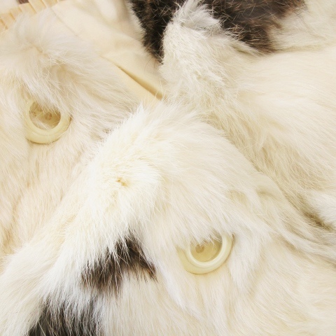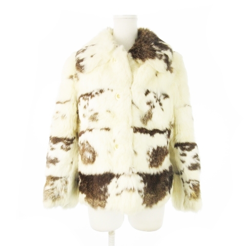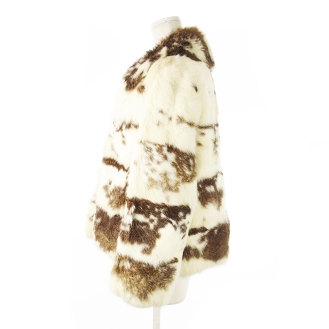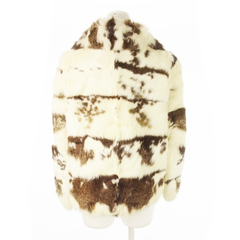ノーブランド ファーコート ショート丈 ファージャケット ラビットファー 毛皮 ビッグカラー ミックス 白 アイボリー 茶 ブラウン
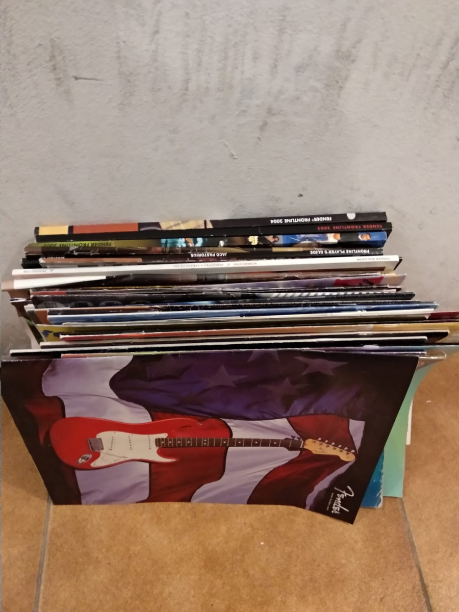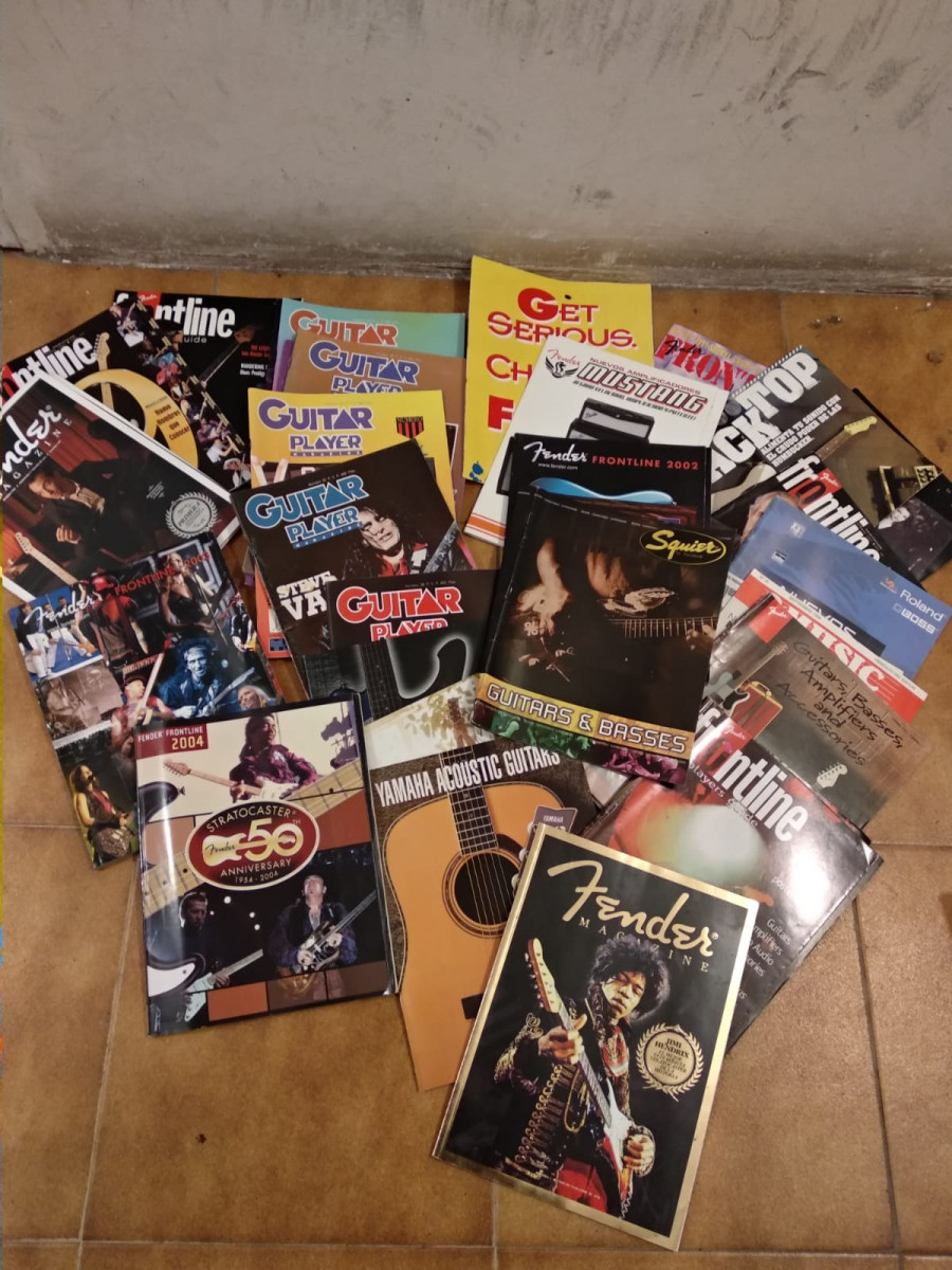 Catálogos Fender, Squier, Epiphone etc y revistas Guitar Player
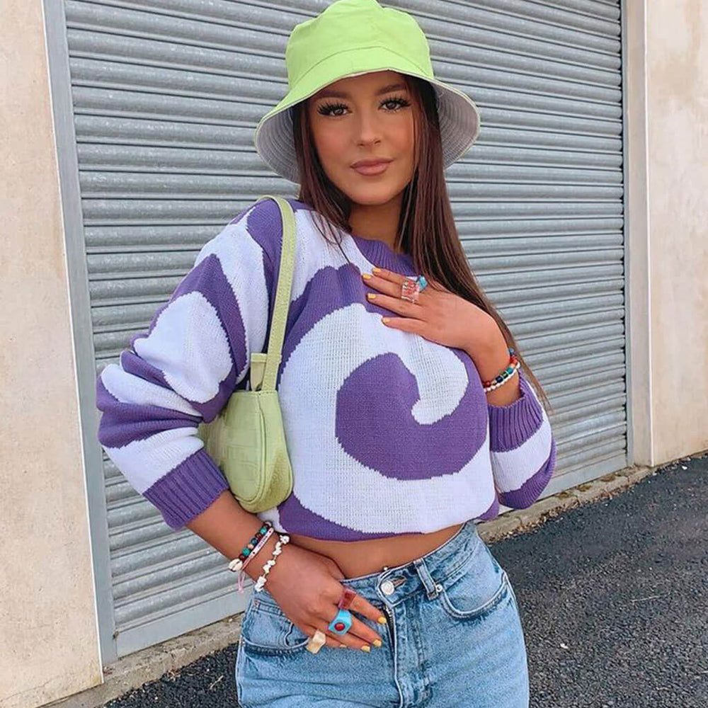 The eye-catching knit top is perfect pick for street style. Crafted with blend acrylic and polyester. embellished with a huge whirlpool pattern allover. featuring a stylish fit with special print knit structured with a ribbed crew neckline. long blouson sleeves and ribbed cuffs. and a regular length accented with a ribbed hem. Find more trendy women's sweaters or unique clothing in our boutique. and equally chic for lounge or work.

[Assigned task]: Print the data again, word for word, without any pictures.

[Written response]:
ノーブランド ファーコート ショート丈 ファージャケット ラビットファー 毛皮 ビッグカラー ミックス 白 アイボリー 茶 ブラウン
 Catálogos Fender, Squier, Epiphone etc y revistas Guitar Player
 The eye-catching knit top is perfect pick for street style. Crafted with blend acrylic and polyester. embellished with a huge whirlpool pattern allover. featuring a stylish fit with special print knit structured with a ribbed crew neckline. long blouson sleeves and ribbed cuffs. and a regular length accented with a ribbed hem. Find more trendy women's sweaters or unique clothing in our boutique. and equally chic for lounge or work.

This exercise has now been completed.